Created attachment 20078 [details]
Workaround for devices without the PM capability
Thanks for testing.
Please also try this one (on top of the previous one).
Handled-By : Rafael J. Wysocki <firstname.lastname@example.org>
That didn't help either.
Please attach the output of 'lspci -vv'.
When suspending with no_console_suspend init=/bin/sh I see Badness at drivers/pci/pci-driver.c:368 (and in this state resume actually works even in vanilla rc3, but the badness only happens with the patches applied).

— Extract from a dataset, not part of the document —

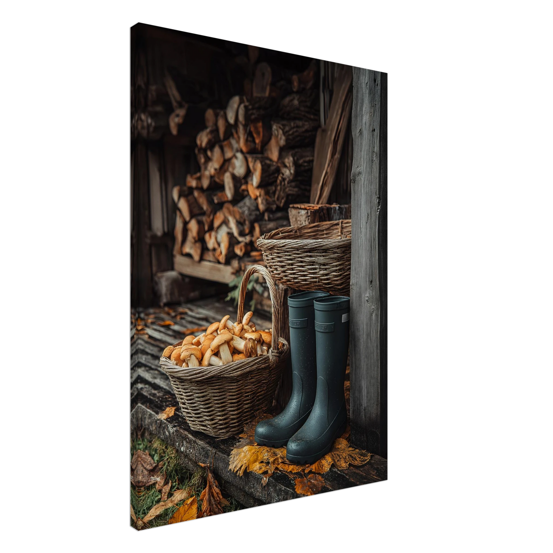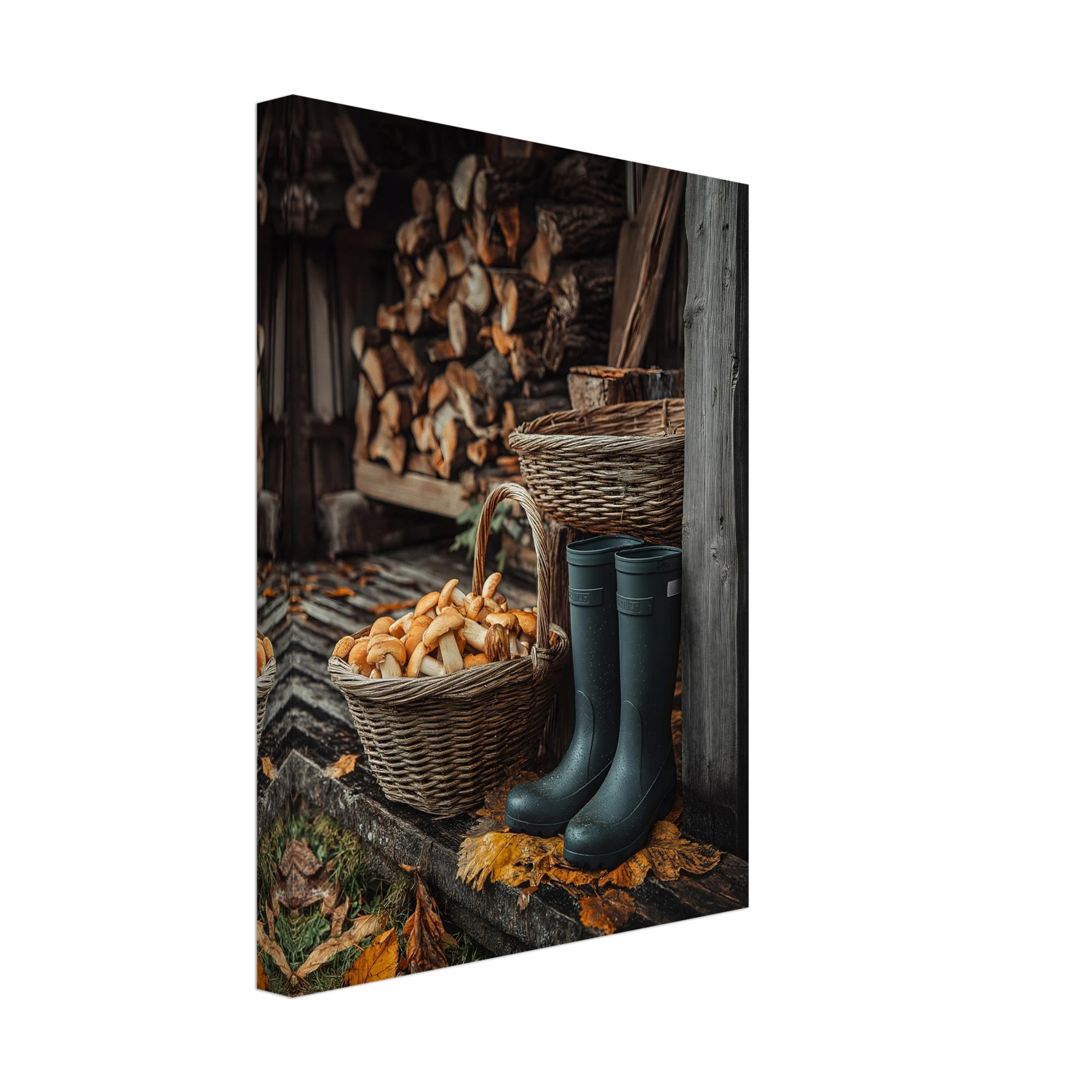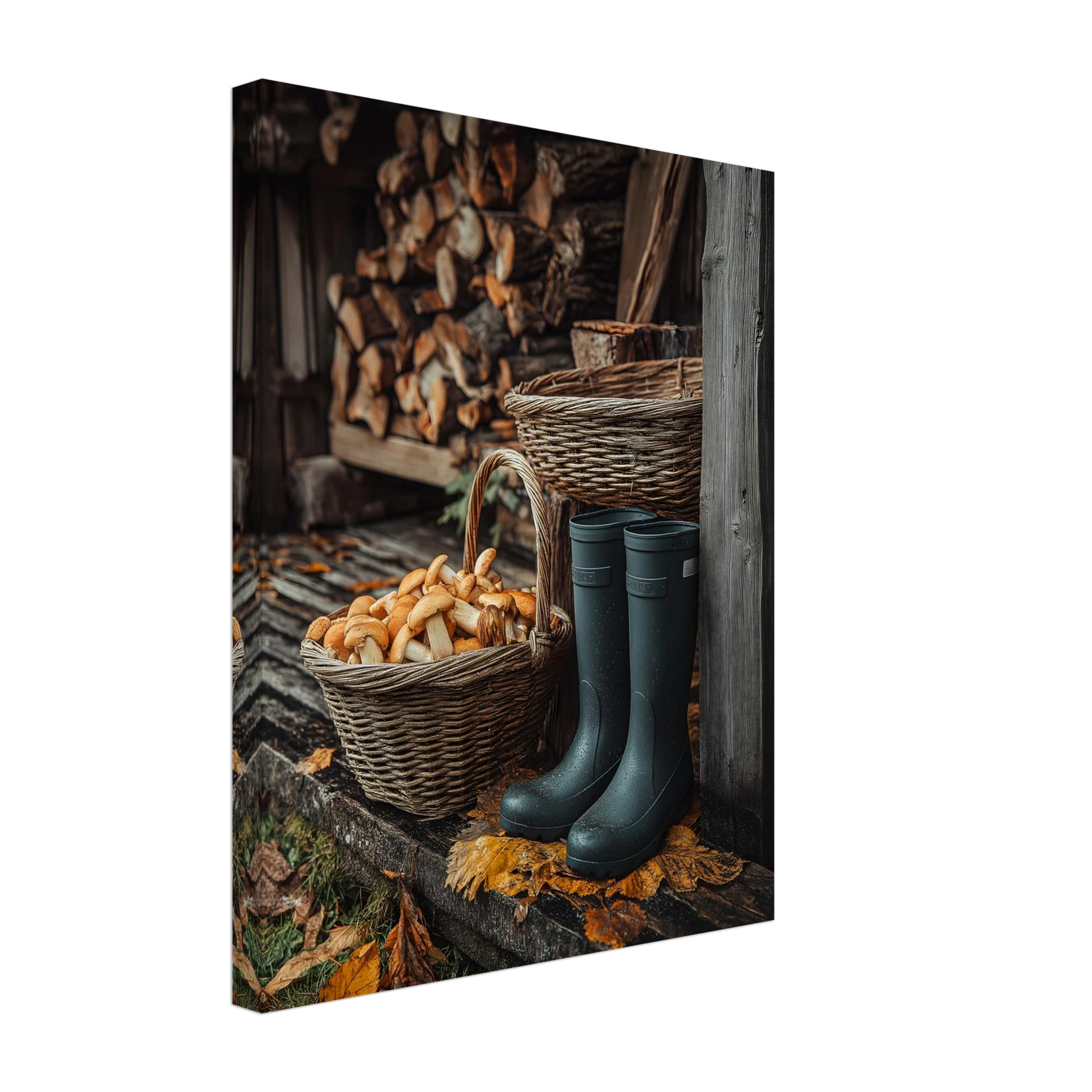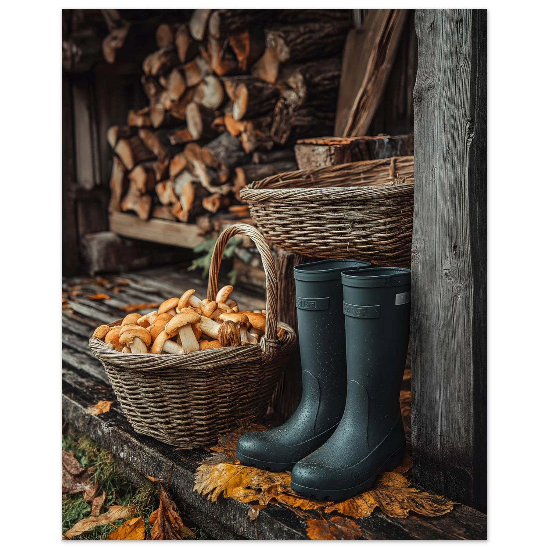 Hösten samlas i små detaljer: löv på marken, svampar i korgen och stövlar som väntar på nästa promenad genom skogen.
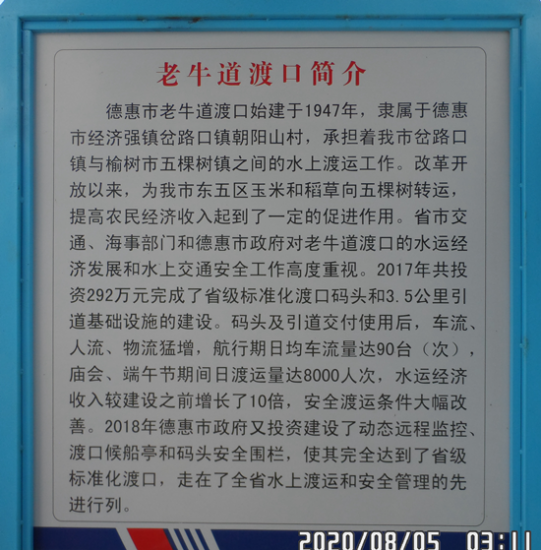 从这个简介来看,老牛道渡口还是很重要的:一,她承担着岔路口镇与榆树市五棵树镇之间的水上渡运工作,“为我市东五区玉米和稻草向五棵树转运,提高农民经济收入起到了一定的促进作用。”二,当地政府“2017年共投资292万元完成了省级标准化渡口码头和3.5公里引道基础设施的建设。”三,“码头及引道交付使用后,车流、人流、物流猛增,航行期日均车流量达90台(次),庙会、端午节期间,日渡运量达8000人次,水运经济收入较建设之前增长了10倍,安全渡运条件大幅改善”。四,该渡口的水平“完全达到了省级标准化渡口,走在了全省水上渡运和安全管理的先进行列。”

Created attachment 20079 [details]
(In reply to comment #7)
> When suspending with no_console_suspend init=/bin/sh I see Badness at
This only is a warning, no need to worry about it. You can just comment out lines 368 and 369 in drivers/pci/pci-driver.c and it should go away.
> (and in this state resume actually works even in
> vanilla rc3, but the badness only happens with the patches applied).
Ah, good. One of device drivers apparently breaks things, I wonder which one.
Which drivers are loaded when you boot with init=/bin/sh ?
IOW, please attach a dmesg log containing a successful suspend-resume cycle with init=/bin/sh, if possible.
Created attachment 20080 [details]
Read state from the device after trying to change it on early resume
Linus thinks something like this may help, so please also try it.
The last patch is on top of the one from comment #1.
Created attachment 20081 [details]
Change current_state to unknown in PMAC resume
If the patch from comment #12 doesn't help, please also try this one.
(On top of the patch from comment #1).
The root problem is radeonfb.
It has its own config space restore code (yuck, but heh, that predates all the
PCI core stuff) -and- it makes the decision as to whether it must re-POST the
card on not ... based on the BAR values having been lost...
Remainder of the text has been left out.